[Start of Attachment]

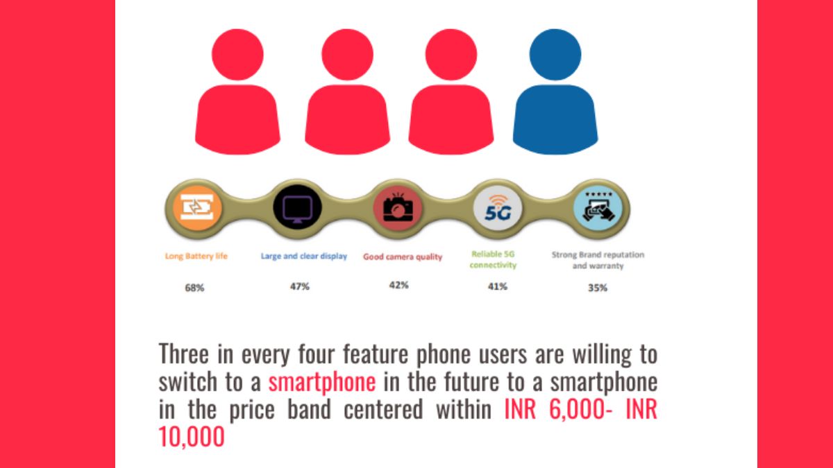 - 41 प्रतिशत फीचर फोन यूजर स्मार्टफोन के लिए 5G कनेक्टिविटी को प्राथमिकता देंगे।
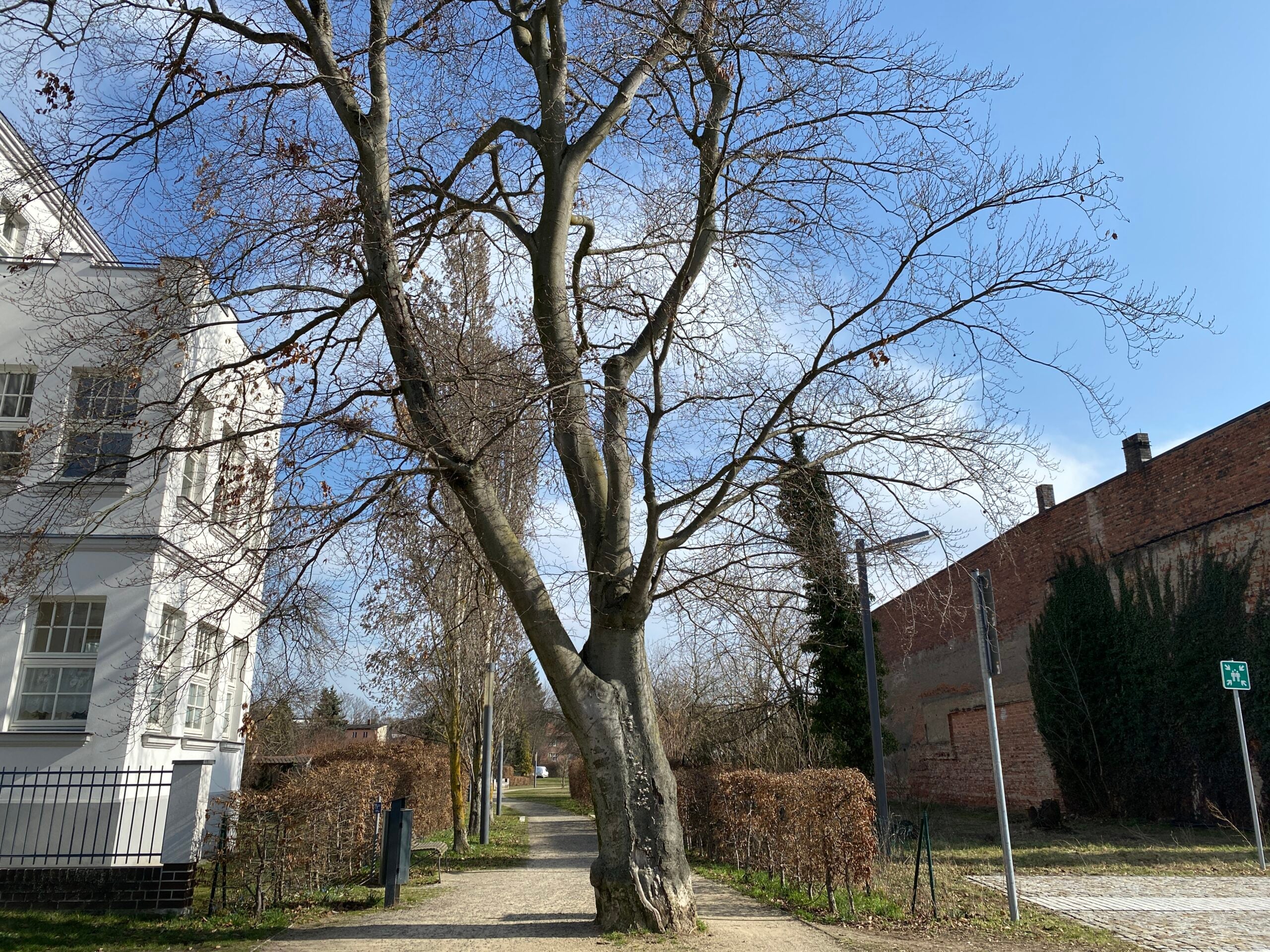 Eine Blutbuche am Eingang des Grünzugs an der Oscar-Kjellberg-Straße in Finsterwalde muss aus Sicherheitsgründen gefällt werden. Wie die Stadt Finsterwalde mitteilt, hat sich im Stamm ein holzzersetzender Pilz ausgebreitet, der die Stabilität des Baumes erheblich beeinträchtigt.
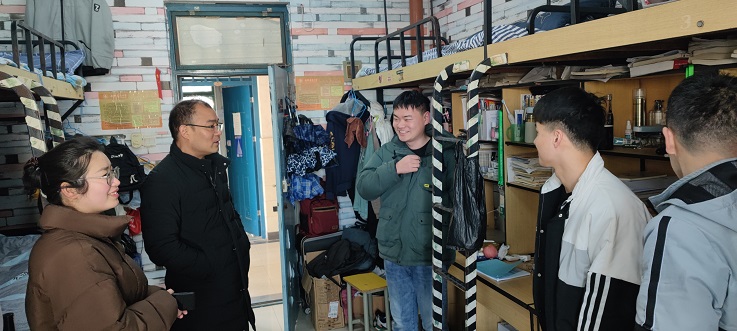 孙长城一行对学院全体宿舍进行了逐一走访,详细询问了学生返校后生活以及期初上课准备等情况,征询学生对学院工作的建议和意见,对宿舍的卫生、物品摆放、桌面整洁、安全用电方面等都提出了具体的要求;提醒同学们养成良好生活习惯,努力学习,营造积极健康的宿舍文化,做一个文明大学生。在走访毕业班宿舍时,孙长城一行详细了解了毕业生考研、就业情况,鼓励大家充分利用各种资源做好研究生调剂复试和实现早日就业。
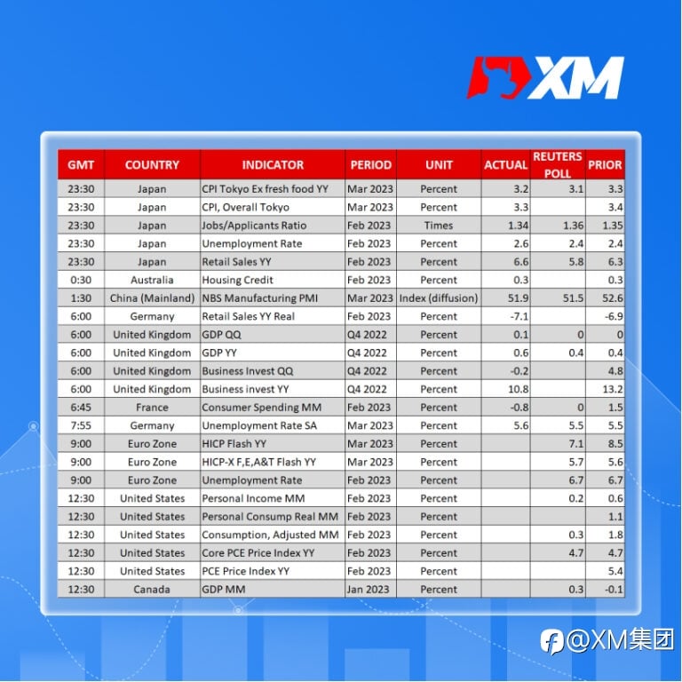 随着科技股引领的反弹步伐加快,股市本周及本季度将以乐观情绪收尾美联储发言人维持加息选项,美元坚挺,但第一季度仍下跌东京CPI无法阻止日元下跌,随后关注美国和欧元区通胀数据 动荡季度结束,银行业混乱不影响股市 本月初突如其来的银行业危机对股市造成沉重打击,但股市反弹速度同样令人惊讶,目前即将以强劲的增长结束本季度。 科技股引领大部分反弹,尤其是华尔街的大型科技股。自硅谷银行(SVB)引发抛售以来,由于苹果(Apple)和微软(Microsoft)等热门股票的防御吸引力重新发挥作用,纳斯达克综合指数和纳斯达克100指数之间出现显著差异。 相比之下,由于担心流动性紧缩,规模较小的科技竞争对手一直苦苦
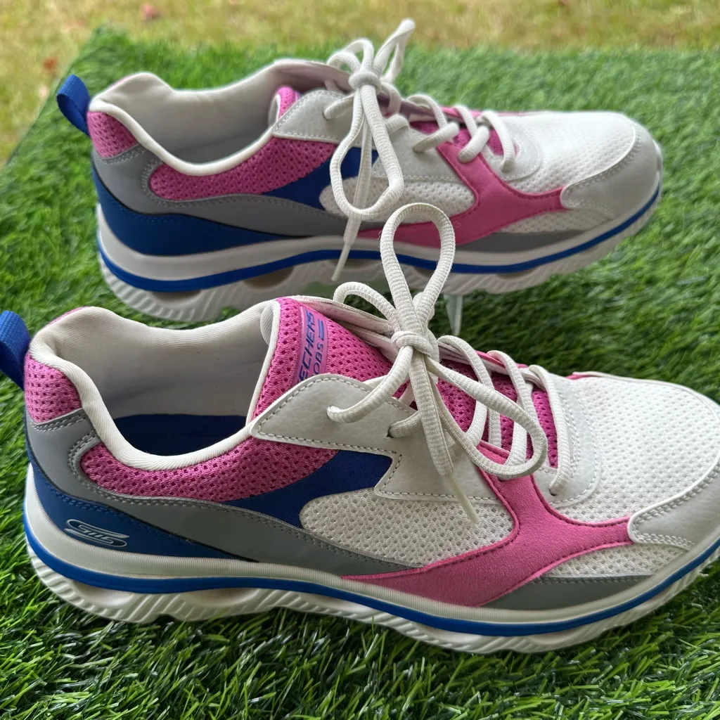 Sleek Skechers sneakers with a white base. Accented with pink and blue details. Perfect for active w... Show more
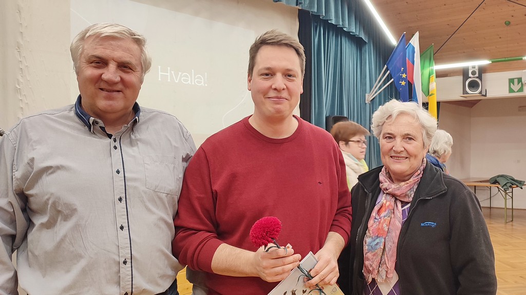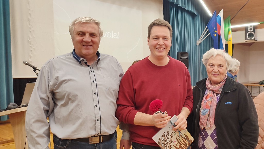 Predsednik Zvone Kodrun se je gostu zahvalil za zanimivo in poučno predavanje ter mu v zahvalo izročil nageljček iz krep papirja, ki ga je izdelala Angela Jan, članica sekcije izdelovalk rož iz krep papirja.
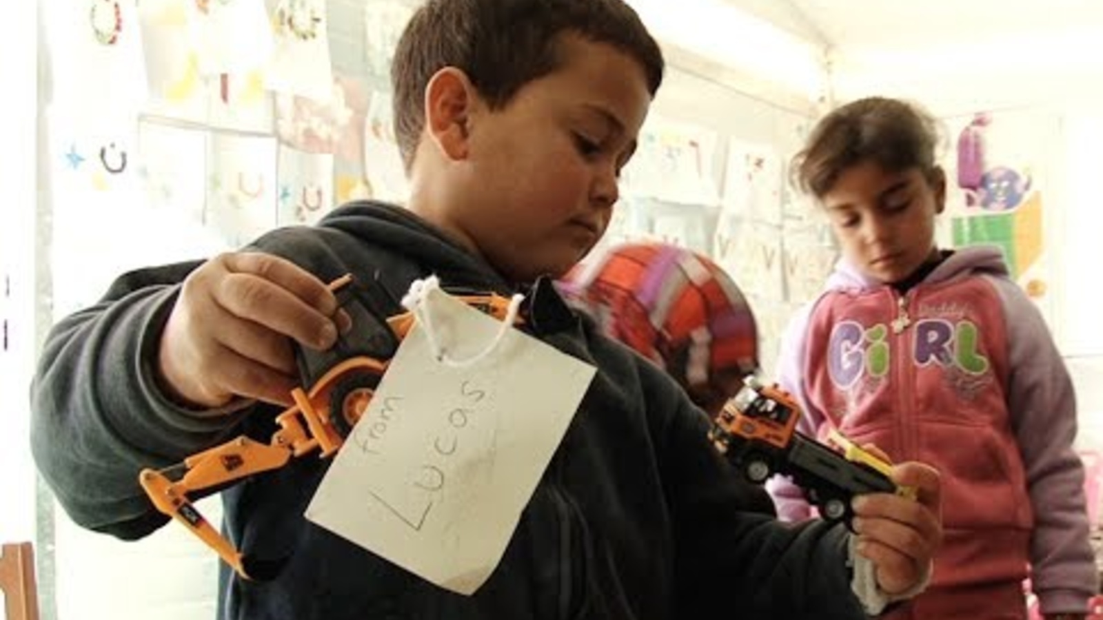 For Syrian refugee children this was a gesture of solidarity and compassion: "The kids in England sent these toys to us because they know we have nothing of our own," said Waed who is five and received a small pink dollhouse. Her friend Mohamed, also five, hugged a clockwork police car: "I want to tell the kids who sent all this stuff that we didn't have toys but now we have more than we ever could have imagined."
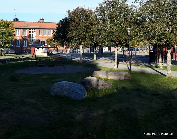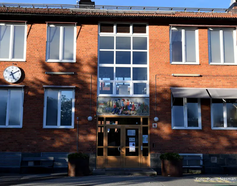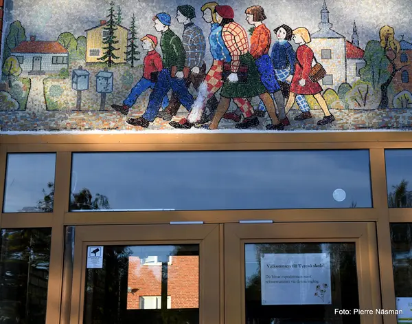 Konstverk av mosaik över huvudentrén gjort av Björn Jonsson.
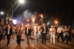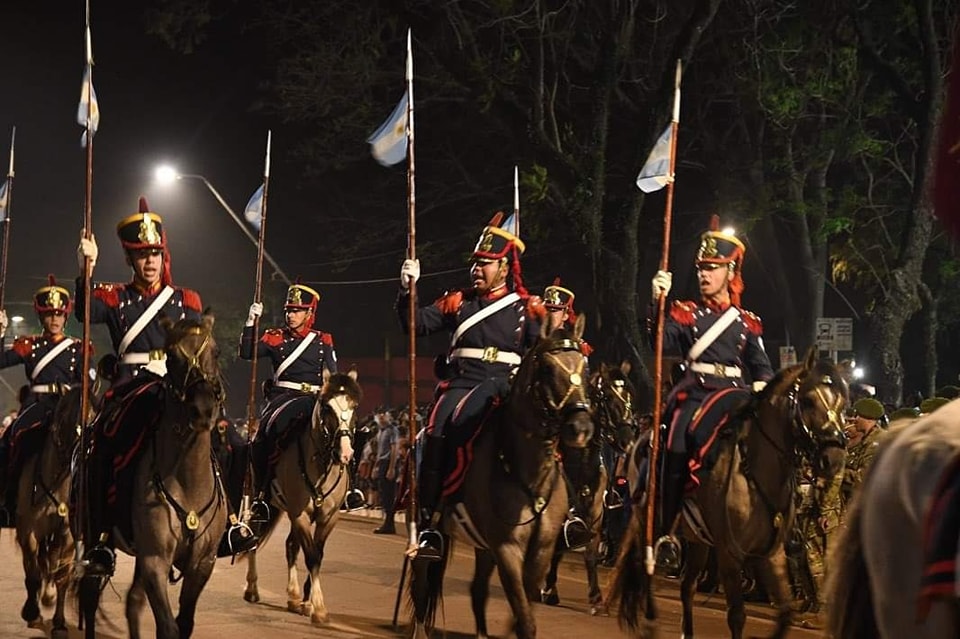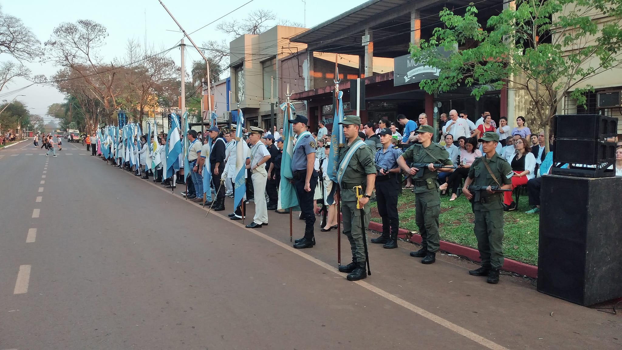 El acto finalizó con desfile de instituciones locales donde por último la comunidad del Colegio Secundario Vélez Sarfield realizó su tradicional desfile de antorchas.
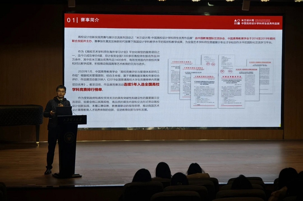巡讲会上,米兰设计周组委会运营总负责人周光明老师受邀出席,他详细阐述了第九届米兰设计周的赛事背景、参赛规则、赛道设置及评审标准,为师生们提供了权威的赛事解读。

[End of Attachment]

■ **Required action**: The data above should be returned in full, exactly as written, apart from its images.

■ **Task output**:
 - 41 प्रतिशत फीचर फोन यूजर स्मार्टफोन के लिए 5G कनेक्टिविटी को प्राथमिकता देंगे।
 Eine Blutbuche am Eingang des Grünzugs an der Oscar-Kjellberg-Straße in Finsterwalde muss aus Sicherheitsgründen gefällt werden. Wie die Stadt Finsterwalde mitteilt, hat sich im Stamm ein holzzersetzender Pilz ausgebreitet, der die Stabilität des Baumes erheblich beeinträchtigt.
 孙长城一行对学院全体宿舍进行了逐一走访,详细询问了学生返校后生活以及期初上课准备等情况,征询学生对学院工作的建议和意见,对宿舍的卫生、物品摆放、桌面整洁、安全用电方面等都提出了具体的要求;提醒同学们养成良好生活习惯,努力学习,营造积极健康的宿舍文化,做一个文明大学生。在走访毕业班宿舍时,孙长城一行详细了解了毕业生考研、就业情况,鼓励大家充分利用各种资源做好研究生调剂复试和实现早日就业。
 随着科技股引领的反弹步伐加快,股市本周及本季度将以乐观情绪收尾美联储发言人维持加息选项,美元坚挺,但第一季度仍下跌东京CPI无法阻止日元下跌,随后关注美国和欧元区通胀数据 动荡季度结束,银行业混乱不影响股市 本月初突如其来的银行业危机对股市造成沉重打击,但股市反弹速度同样令人惊讶,目前即将以强劲的增长结束本季度。 科技股引领大部分反弹,尤其是华尔街的大型科技股。自硅谷银行(SVB)引发抛售以来,由于苹果(Apple)和微软(Microsoft)等热门股票的防御吸引力重新发挥作用,纳斯达克综合指数和纳斯达克100指数之间出现显著差异。 相比之下,由于担心流动性紧缩,规模较小的科技竞争对手一直苦苦
 Sleek Skechers sneakers with a white base. Accented with pink and blue details. Perfect for active w... Show more
 Predsednik Zvone Kodrun se je gostu zahvalil za zanimivo in poučno predavanje ter mu v zahvalo izročil nageljček iz krep papirja, ki ga je izdelala Angela Jan, članica sekcije izdelovalk rož iz krep papirja.
 For Syrian refugee children this was a gesture of solidarity and compassion: "The kids in England sent these toys to us because they know we have nothing of our own," said Waed who is five and received a small pink dollhouse. Her friend Mohamed, also five, hugged a clockwork police car: "I want to tell the kids who sent all this stuff that we didn't have toys but now we have more than we ever could have imagined."
 Konstverk av mosaik över huvudentrén gjort av Björn Jonsson.
 El acto finalizó con desfile de instituciones locales donde por último la comunidad del Colegio Secundario Vélez Sarfield realizó su tradicional desfile de antorchas.
巡讲会上,米兰设计周组委会运营总负责人周光明老师受邀出席,他详细阐述了第九届米兰设计周的赛事背景、参赛规则、赛道设置及评审标准,为师生们提供了权威的赛事解读。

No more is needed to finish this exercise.